Уж не знаю, что она там наврала своему папаше, упрямо тащившему её на уикенд на дачу, но она оказалась в итоге полностью в моём распоряжении. Нет, не в том смысле, что вы могли подумать – у нас был тот самый стандартный конфетно-букетный период, когда даже нечаянное прикосновение к чему-то выступающе-запретному приводило в трепет без всяких там анаболиков. Я думаю, мне помогала даже моя неопытность в отношениях с противоположным полом, ибо, если б я был отпетым ловеласом и сразу полез бы на форсаж и за корсаж, то на этом всё бы разом и закончилось, а так нет...

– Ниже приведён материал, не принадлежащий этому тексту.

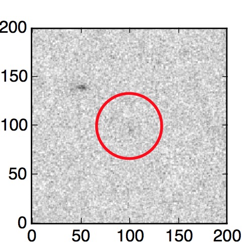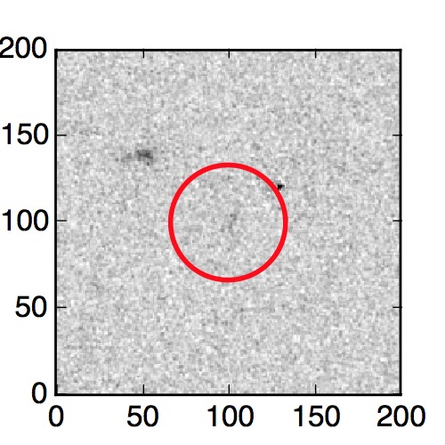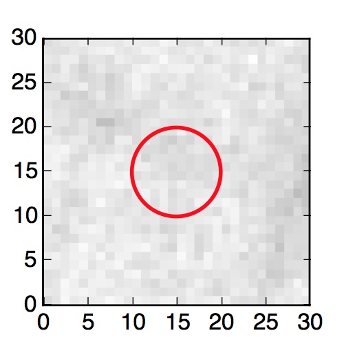 The red circle in the various panels is 1" in radius. The images are 6"x6".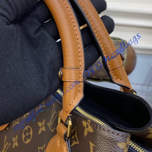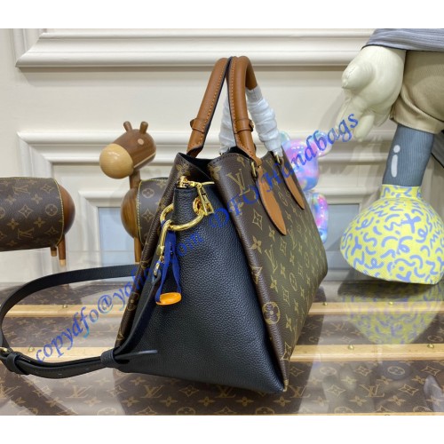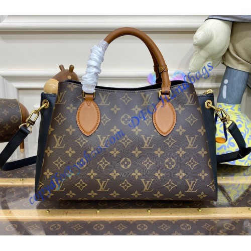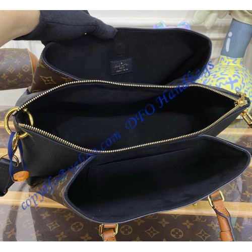 Evocative of the Louis Vuitton Pallas bag from 2012, with its combination of textures and colors, the Vendôme MM tote is fashioned from Monogram canvas with grained leather on the sides and smooth leather on the handles and handle mounts. Inside there are two compartments, room for a laptop, and numerous pockets.

Я многое узнал о ней за эти два дня, а она обо мне. Хотя, что тут узнавать?! – мои десять лет (девять, если быть точным) за решёткой – их никуда не спрячешь, но она знала о них с самого начала, как и то, что здесь я сам – жертва.
Рассказала, как выскочила замуж на 4-м курсе за одногруппника, сына отцова приятеля – тоже гэбэшного деятеля, что того готовили после института отправить за границу по линии МИДа и её вместе с ним как жену, но по окончании МГИМО мужа (Вадик его звали, если что) по настоянию отца направили в КГБ в центральный аппарат. Чем он там конкретно занимается – она не знает и не хочет об этом говорить. Но то, что этот Вадик оказался конченным придурком и ревнивцем покруче Отелло – это точно. Мама её была категорически против этого альянса интересов отцов, но папаша настоял на своём, а Дина устала сопротивляться его натиску. Вадик не переносил свою тёщу – Динину маму, а та, соответственно, его.
Он и сейчас, нет-нет, да и достаёт бывшую жену то звонками, то неожиданными визитами на работу, а то и откровенной слежкой. Особенно вот сейчас – летом, а зимой ему некогда: он ещё и мастер спорта по биатлону и часто выступает на соревнованиях, чуть ли не призёр кубка СССР.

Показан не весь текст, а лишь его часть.